A devastating New Gloucester house fire has proven fatal, claiming the life of one person, and wrecking a ranch beyond recognition.
First responders arrived at the scene of the incident shortly after 9:30 p.m. on Sunday, December 6, after being contacted by neighbors who reported the fire.
Deadly flames had engulfed the left side of a building located at 81 Bluff Circle, in the immediate vicinity of Mayall Road in New Gloucester, Maine.
When crews from the local Fire and Rescue department came face to face with the scorching fire which had probably originated in the home’s kitchen, they realized that they would have to contain it using an exterior attack, without entering the burning structure.
This approach, also known as “surround and drown”, was required because it would’ve been excessively hazardous for firefighters to try to extinguish the blaze from the inside, as part of a “two in, two out” rescue effort.
Dispatch teams had noticed that there was a van parked outside the residence, and since no one had been found in the yard they suspected that a person might be at risk, but it was deemed overly unsafe to attempt a more direct rescue mission.
Eventually, the overpowering flames were vanquished by firefighting units from New Gloucester, Pownal, Poland, Gray and Raymond, using a staggering volume of 15,000 gallons of water.
Regrettably, the house fire led to the demise of one individual, who was found trapped in the building, once rescue crews managed to gain entry inside the building.
The victim’s identity and gender hasn’t been made public yet, as investigators from the Fire Marshal’s Office are currently trying to determine the source of the combustion, which was the first fatal one reported in New Gloucester in more than two decades.
Moreover, the home is virtually a ruin now, given the fact that the damage wreaked by the blaze has been extensive, and it is expected that additional details regarding the lethal fire will be disclosed later today, as the inquest progresses.
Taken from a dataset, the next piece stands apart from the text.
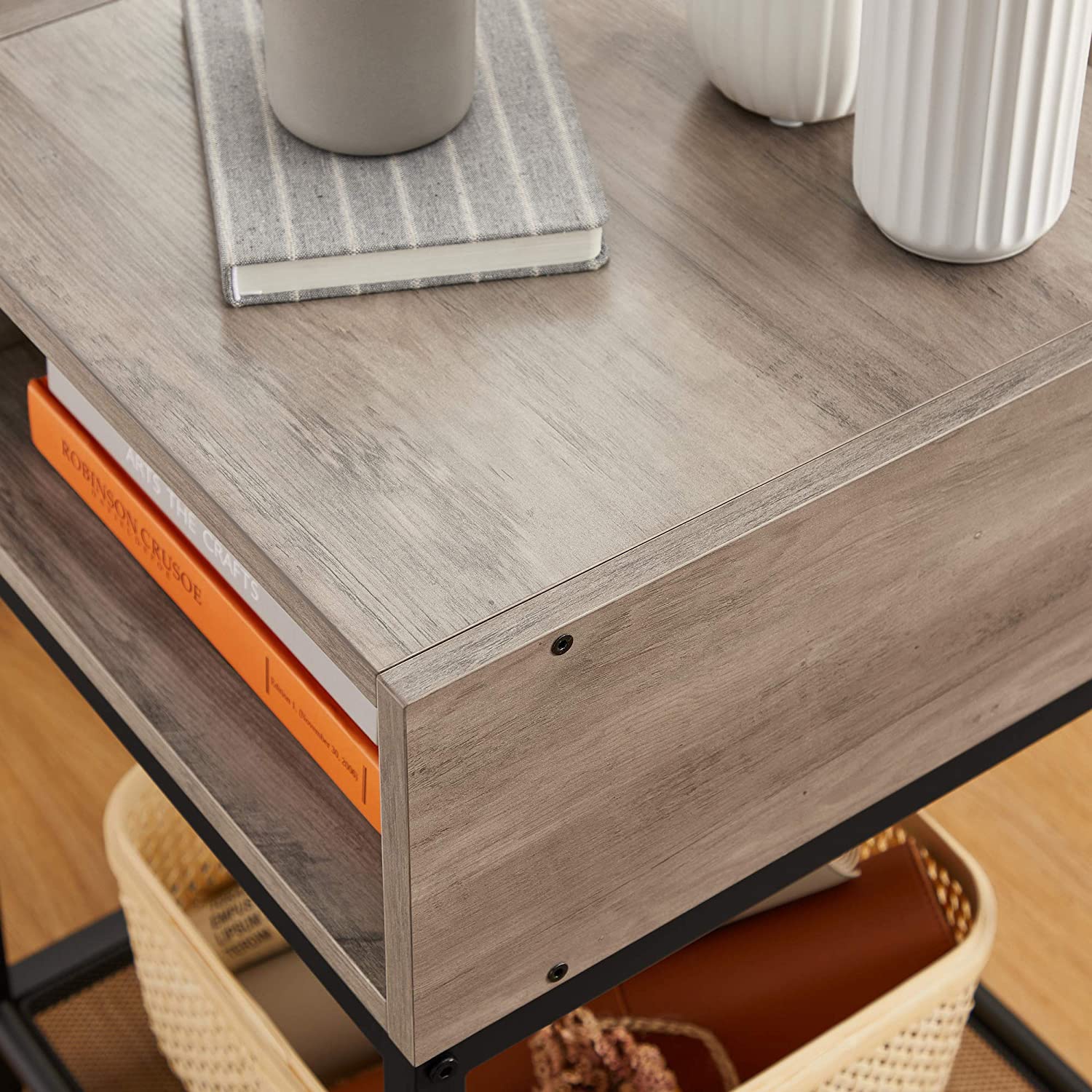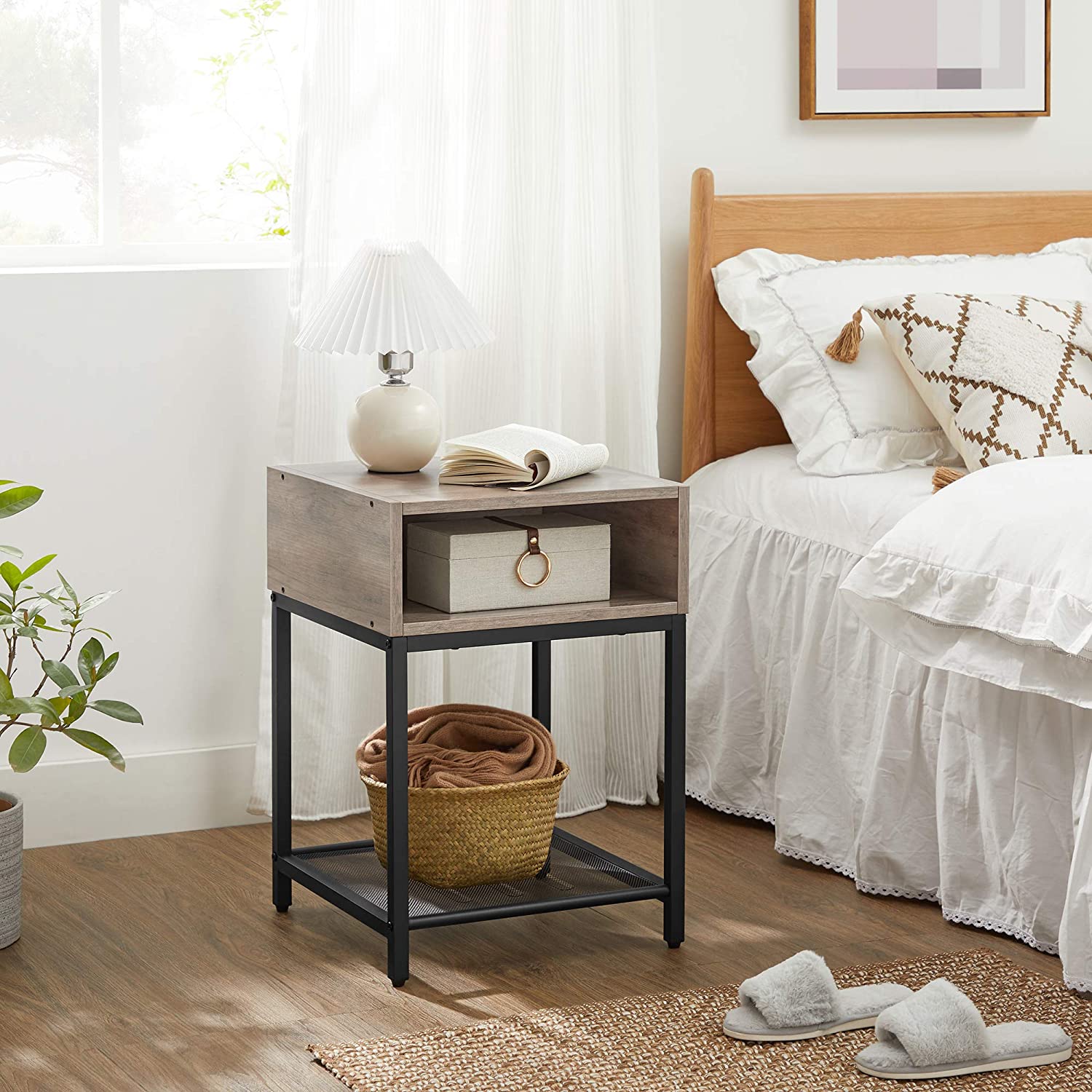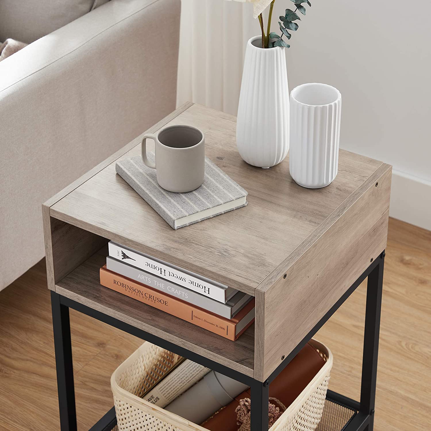 Product details: – Color: Greige-black – Material: Chipboard, steel – Size: 40 x 40 x 58 cm (L x W x H) – Weight: 6.5 kg – Max. static load capacity of the surface: 20 kg – Max. static load capacity of the open compartment: 20 kg – Max. static load capacity of the mesh shelf: 5 kg Scope of delivery:- 1 x side table – 1 x accessory package – 1 x instructions (DE, EN, ES, FR, IT) VASAGLE Notes: – For safety reasons, children are not allowed to climb on or play with the product.

According to Captain Scott Doyle of the New Gloucester Fire Department, winter is the most perilous time of the year when it comes to house fires, causing the incidence of fatalities to double, especially because in anticipation of the holidays, people spend more time in the kitchen preparing complex meals.
Moreover, residents sometimes use unsafe heating devices to guard themselves against the cold and install Christmas decorations which can malfunction and trigger a blaze.
In order to limit such risks, it is essential to ensure that smoke alarms and carbon monoxide detectors are installed, fully operational, and equipped with newly activated batteries.
Another recommendation is to link all such home devices together, because otherwise the occupants of a room might find out too late about flames taking over another part of the house.
In fact, the National Fire Protection Association has shown that most fire casualties occur when the victim had been unaware of the blaze that had started in a different section of the building.